Comment on attachment 434656 [details] Patch for landing View in context: https://bugs.webkit.org/attachment.cgi?id=434656&action=review still reviewing, but a few more comments. > Source/JavaScriptCore/assembler/AbstractMacroAssembler.h:250 > + // Describes an address with base address and pre-increment/decrement index. nit: index => offset everywhere in these classes > Source/JavaScriptCore/assembler/AbstractMacroAssembler.h:264 > + // Describes an address with base address and post-increment/decrement index. ditto > Source/JavaScriptCore/b3/B3CanonicalizePrePostIncrements.cpp:55 > + BasicBlock* block { nullptr }; this field is totally unused except for one store to it in the candidate search loop > Source/JavaScriptCore/b3/B3CanonicalizePrePostIncrements.cpp:76 > + auto tryPrePostIndex = [&] (Value* value) { nit: this should be called something like "tryAddPrePostIndexCandidate" > Source/JavaScriptCore/b3/B3CanonicalizePrePostIncrements.cpp:110 > + if (smallOffset != offset || !Arg::isValidPreIndexForm(smallOffset)) I think we should just have one function, but if we stick with two, this should be isValidPostIndexForm, not isValidPreIndexForm > Source/JavaScriptCore/b3/B3CanonicalizePrePostIncrements.cpp:144 > + auto detect = [&] (HashMap<MemoryValue*, Value*> candidates) { this should be taking like a "const HashMap&" or HashMap&. No need to take the hash map by value. > Source/JavaScriptCore/b3/B3CanonicalizePrePostIncrements.cpp:145 > + for (auto itr = candidates.begin(); itr != candidates.end(); ++itr) { you should be using the good style for loops: for (auto pair : candidates) > Source/JavaScriptCore/b3/B3CanonicalizePrePostIncrements.cpp:146 > + MemoryValue* memory = itr->key; then pair.key > Source/JavaScriptCore/b3/B3CanonicalizePrePostIncrements.cpp:147 > + Value* address = itr->value; and pair.value > Source/JavaScriptCore/b3/air/AirArg.h:1296 > + template<typename Int, typename = Value::IsLegalOffset<Int>> > + static bool isValidPreIndexForm(Int offset) > + { > + if (isARM64()) > + return isValidSignedImm9(offset); > + return false; > + } > + > + template<typename Int, typename = Value::IsLegalOffset<Int>> > + static bool isValidPostIndexForm(Int offset) > + { > + if (isARM64()) > + return isValidSignedImm9(offset); > + return false; > + } Can we just make one function "isValidIncrementIndexForm"?

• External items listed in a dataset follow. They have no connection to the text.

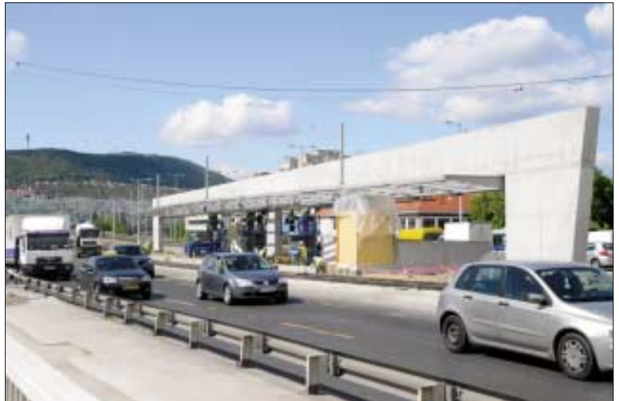
Az 1-es villamos Szentlélek téri megállója. Fedett perontetők épülnek a megállók fölött
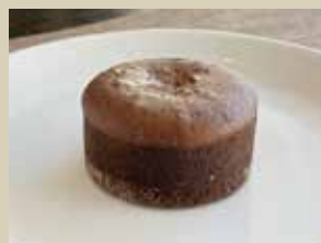
フォンダンショコラ
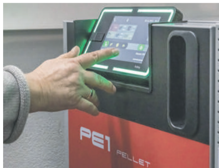
Ein moderner und komfortabler Pelletskessel mit niedrigen Emissionen, leisem Betrieb, hoher Energieeffizienz und geringem Stromverbrauch. Text/Bild: Dieter Preuss

(akz-o) In Deutschland sind etwa 4,1 Millionen Menschen pflegebedürftig. Die Zahlen des Statistischen Bundesamts belegen auch: Etwa 80 Prozent dieser Mitmenschen, die aufgrund gesundheitlicher Beeinträchtigungen dauerhafte Unterstützung benötigen, werden zu Hause versorgt. Dort rückt dann ein Rückzugsort besonders in den Fokus: das eigene Bad. „Ein selbstbestimmtes Leben lässt sich, solange dies möglich ist, am besten im gewohnten privaten Umfeld führen. Da die Lebenserwartung steigt, gewinnt die Pflege in den heimischen vier Wänden immer mehr an Bedeutung – und damit auch das eigene Bad, das pflegegerecht und barrierefrei konzipiert sein sollte“, sagt Markus Hahn, bundesweit verantwortlich für die Umsetzung des Elements-Kon- zepts, das in den bundesweit mehr als 260 Ausstellungshäusern präsentiert wird. In Deutschlands Wohnungen sind allerdings millionenfach Bäder vorzufinden, die nicht einmal eine Fläche von fünf oder sechs Quadratmeter aufweisen. Sie sind zu klein, um etwa einer benötigten Pflegekraft oder häuslichen Assistenz ausreichend Platz zu bieten, wenn die eigene alleinige Körperhygiene aufgrund motorischer Einschränkungen nicht mehr möglich ist. Die gute Nachricht: Auch für diese kleinen Grundrisse planen die Expertinnen und Experten pflegegerechte Lösungen, die nicht nur höchst funktional sind, sondern auch in puncto Komfort wie Design überzeugen und alle Sinne ansprechen – damit man sich zu Hause möglichst lange gut aufgehoben fühlt.

Comment on attachment 434656 [details] Patch for landing View in context: https://bugs.webkit.org/attachment.cgi?id=434656&action=review > Source/JavaScriptCore/b3/B3CanonicalizePrePostIncrements.cpp:151 > + if (candidates == preIndexCandidates) { This is doing a hash table comparison by value each iteration. That's a crazy O(n) operation. We should do this by passing in a flag or something. Also, if we pass in the flag, we don't need to check full control flow equivalence. We know which should forward dominate, which should backwards dominate.